# Biggest Softbox for Speedlights?



## haring (Jul 25, 2010)

Hi!
I would like to have a large and portable softbox which can be used with a Canon 550EX speedlight  (or two speedlights 2x Canon 550EX).
I do have two softbox-like umbrellas but the problem is that I can't control the light with them.

I would like to get the largest softbox which still can be used with speedlights...
Do you know any? What is your experience?

Thanks,
Otto


----------



## Green Li (Jul 27, 2010)

haring said:


> Hi!
> I would like to have a large and portable softbox which can be used with a Canon 550EX speedlight  (or two speedlights 2x Canon 550EX).
> I do have two softbox-like umbrellas but the problem is that I can't control the light with them.
> 
> ...


Are you talking about on- or off-camera applications?


----------



## Mike_E (Jul 27, 2010)

The easiest answer is a reflector, the next is a diffusion panel.  Both are directional and with a speedlight that you can control manually you can get good results.


----------



## kundalini (Jul 28, 2010)

Probably not the largest you can get for a hot shoe flash and certainly not the cheapest, but the Lastolite EzyBox 24" is pretty damn good. It setup and breaks down in only a minute or two. When collapsed, it folds down into its carry bag 10" diameter and 6.5" thick. It has an inner baffle to soften the light even further. This kit includes the needed speedring to mount yuur flash.
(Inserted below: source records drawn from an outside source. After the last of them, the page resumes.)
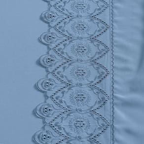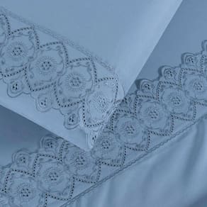 O Bordado Inglês exclusivo é mais do que um detalhe estético; é um testemunho da qualidade artesanal e da atenção aos detalhes que garantem a durabilidade e o charme contínuo deste jogo de cama.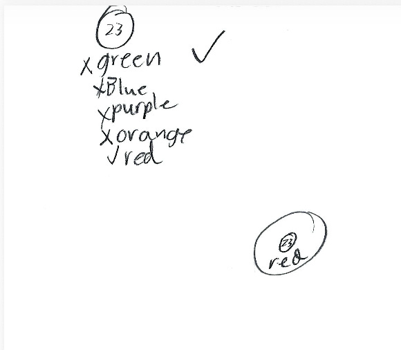 When I asked her what number 21 would look like (and then 35, and then 23), you can see her listing out the colors and going through each color, naming the multiples out loud, then putting an ✗ if it’s not possible and a ✓ if it is.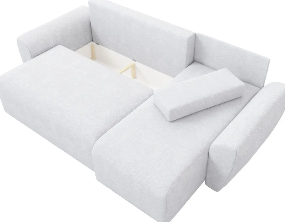 Pod siedziskiem narożnika znajduje się pojemny schowek na pościel, który ułatwia organizację przestrzeni. To praktyczne rozwiązanie pozwala na wygodne przechowywanie kołdry, poduszek czy koców, zawsze pod ręką, bez konieczności dodatkowych mebli.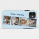 This romantic, cool, and modern case is perfect for anyone who wishes to carry their loved one with them. It features four customisable family photographs and pictures. It also displays a place for a monogram text beside photos on, blue background. Feel free to use this template to add photos of any kind. You can use your creativity here.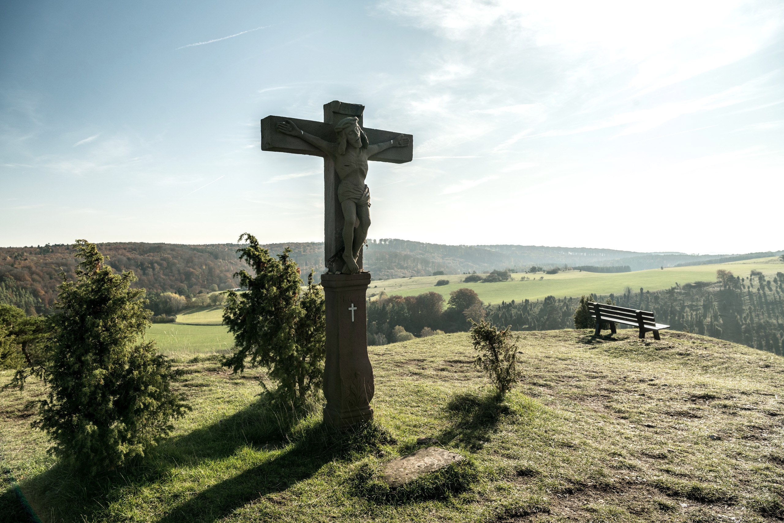 Es blühen im Frühsommer die Orchideen, im Spätsommer die Enziane. Zahlreiche Insekten bevölkern die blütenreichen Rasen der Kalktriften. Inmitten der Landschaft erhebt sich der Kalvarienberg über die Landschaft. Von dort schweift der Blick weit über die Landschaft. Am Horizont erhebt sich die Hohe Acht, der höchste Berg der Eifel. Hier spürt man den besonderen Zauber des Kalvarienbergs und vergisst zumindest für einen Moment alles um sich herum.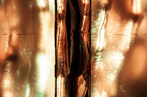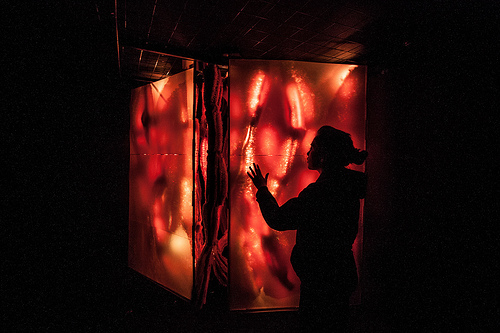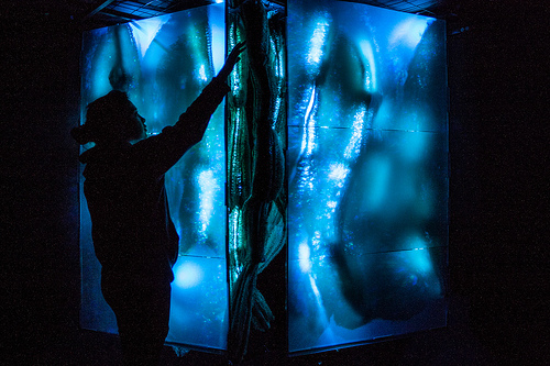 “Dispersión cromática explora el comportamiento de la luz; la forma en que la luz viaja a través de un material poroso, descomponiendo los LEDs en sus colores RGB que los componen. El ritmo y el color de los LEDs que cambian lentamente revelan las proporciones relativas del RGB que constituye el color global de la instalación. El material orgánico poroso crea un efecto visual especial cuando la luz atraviesa su cuerpo, algo parecido a un colorido vitral.
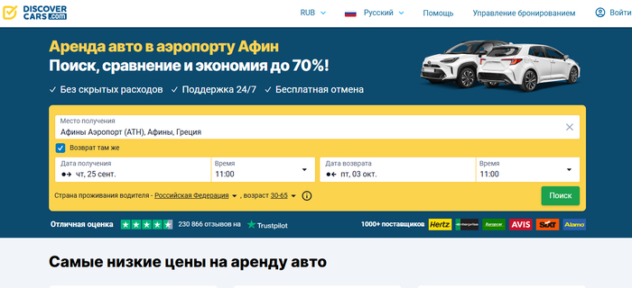 DiscoverCars — старожил среди агрегаторов: большая витрина, удобная сортировка по депозиту, страховкам, политике топлива, рейтингу поставщика. Когда нужна «вторая проверка» цены по Греции, я часто смотрю здесь: именно сравнение «в одной корзине» помогает увидеть, кто перегнул с доплатами, а кто честно играет рынком.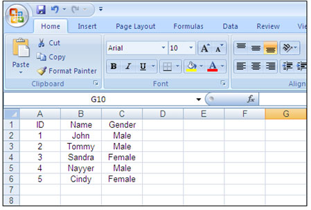 在下面的例子中,我将使用到一个包含了5行3列的Excel表单。DataTable类提供了将表单第一行作为ColumnName的功能。在下面指定的代码中,我们将使用Aspose.Cells来打开Excel表单。在下面的例子中,我们将从工作薄的第一张表单中读取数据,通过Aspose.Cells的ExportDataTable(….)方将数据导出到DataTable对象。

LS2462M2 Lastolite 24" x 24" Ezybox Hot Shoe Softbox Kit with Mark II Bracket

Here's a video about it.
Using the Ezybox Hotshoe Lastolite School of Photography


p.s.  the extended handle does come in handy if you have an assistant.


----------



## Dao (Jul 28, 2010)

Westcott Apollo (I do not think it is the biggest, but decent size)

Westcott Pro Photo and Video Lighting Equipment

Diffusion panel is a good choice I think.


----------



## Green Li (Jul 29, 2010)

How about this for a portable box: *Aurora FireFly* ?


----------